[Recorded data]
========================

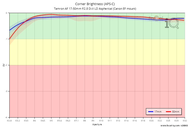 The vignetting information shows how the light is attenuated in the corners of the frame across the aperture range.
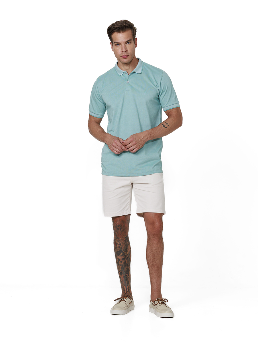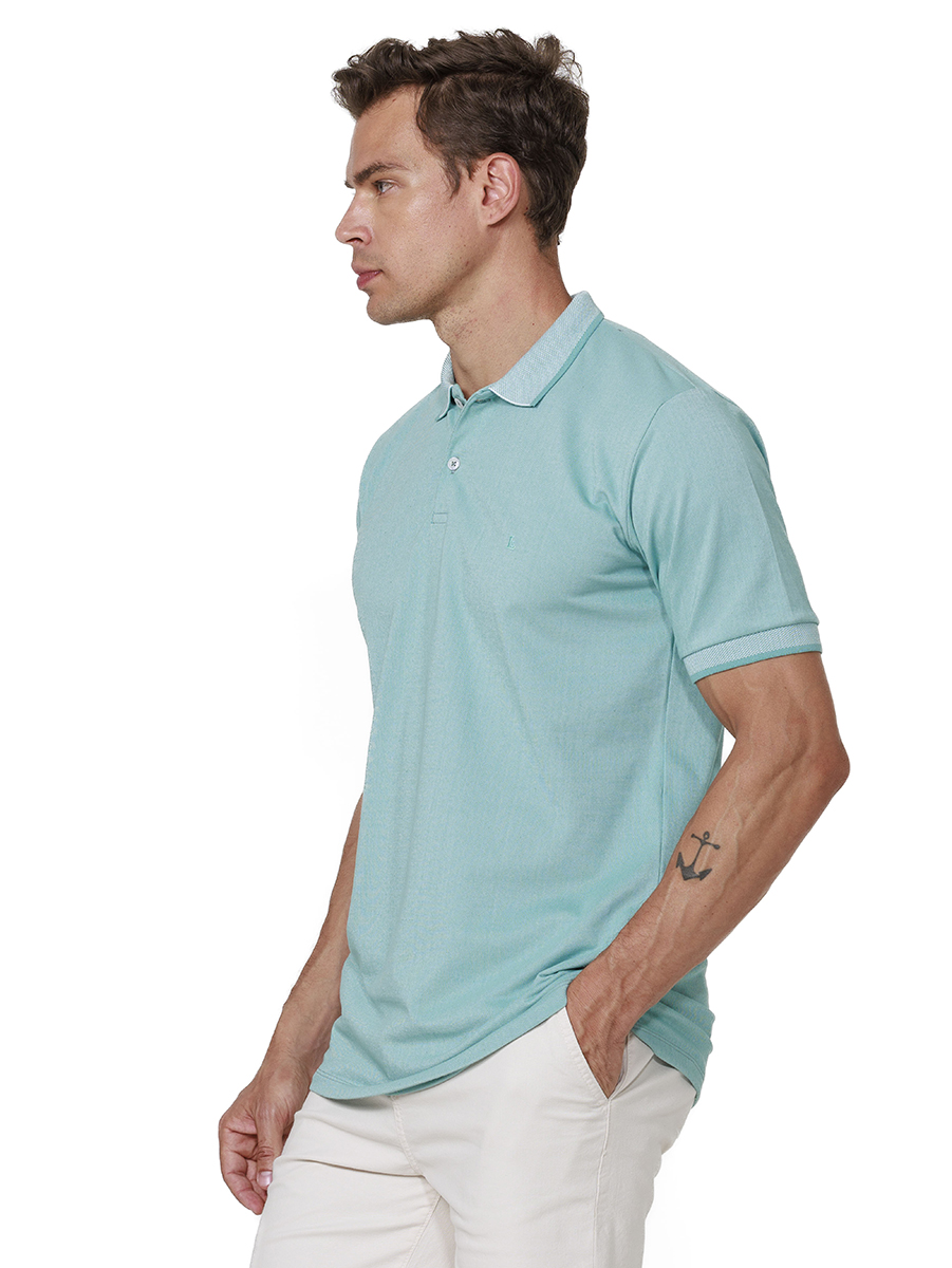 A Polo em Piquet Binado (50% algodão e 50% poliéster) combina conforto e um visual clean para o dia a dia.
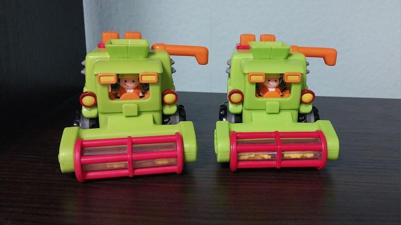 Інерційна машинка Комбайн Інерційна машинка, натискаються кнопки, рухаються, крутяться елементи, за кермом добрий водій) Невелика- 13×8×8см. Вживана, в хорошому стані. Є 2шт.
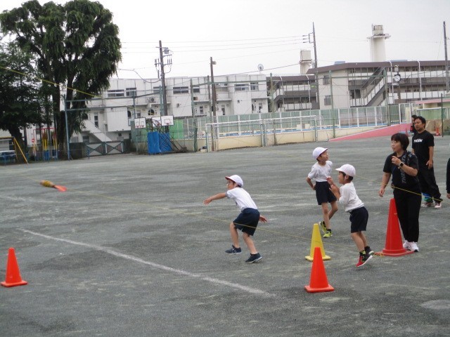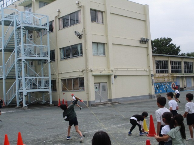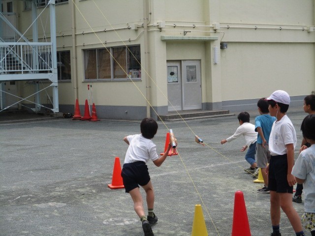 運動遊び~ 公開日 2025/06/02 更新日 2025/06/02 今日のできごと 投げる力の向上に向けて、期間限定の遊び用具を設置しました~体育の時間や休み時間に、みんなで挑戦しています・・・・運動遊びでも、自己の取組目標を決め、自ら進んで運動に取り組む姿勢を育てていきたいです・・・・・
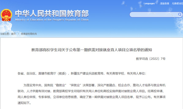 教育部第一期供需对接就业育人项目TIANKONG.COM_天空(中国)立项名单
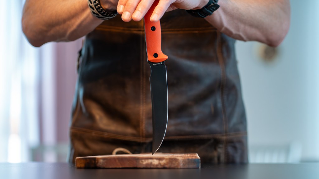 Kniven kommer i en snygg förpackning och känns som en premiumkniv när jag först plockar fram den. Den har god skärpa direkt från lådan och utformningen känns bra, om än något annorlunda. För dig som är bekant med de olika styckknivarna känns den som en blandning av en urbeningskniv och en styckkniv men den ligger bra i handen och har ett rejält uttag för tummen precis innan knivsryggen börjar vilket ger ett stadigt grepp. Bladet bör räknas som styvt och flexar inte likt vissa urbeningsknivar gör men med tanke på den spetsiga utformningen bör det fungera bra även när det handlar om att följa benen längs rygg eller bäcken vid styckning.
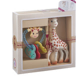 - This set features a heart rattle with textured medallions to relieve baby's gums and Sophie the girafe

========================

What to work on -> Excluding the pictures, restate word for word the lines from the one that holds "Інерційна машинка Комбайн" through the last line of the entries, both ends included.

Answer for the task ->
 Інерційна машинка Комбайн Інерційна машинка, натискаються кнопки, рухаються, крутяться елементи, за кермом добрий водій) Невелика- 13×8×8см. Вживана, в хорошому стані. Є 2шт.
 運動遊び~ 公開日 2025/06/02 更新日 2025/06/02 今日のできごと 投げる力の向上に向けて、期間限定の遊び用具を設置しました~体育の時間や休み時間に、みんなで挑戦しています・・・・運動遊びでも、自己の取組目標を決め、自ら進んで運動に取り組む姿勢を育てていきたいです・・・・・
 教育部第一期供需对接就业育人项目TIANKONG.COM_天空(中国)立项名单
 Kniven kommer i en snygg förpackning och känns som en premiumkniv när jag först plockar fram den. Den har god skärpa direkt från lådan och utformningen känns bra, om än något annorlunda. För dig som är bekant med de olika styckknivarna känns den som en blandning av en urbeningskniv och en styckkniv men den ligger bra i handen och har ett rejält uttag för tummen precis innan knivsryggen börjar vilket ger ett stadigt grepp. Bladet bör räknas som styvt och flexar inte likt vissa urbeningsknivar gör men med tanke på den spetsiga utformningen bör det fungera bra även när det handlar om att följa benen längs rygg eller bäcken vid styckning.
 - This set features a heart rattle with textured medallions to relieve baby's gums and Sophie the girafe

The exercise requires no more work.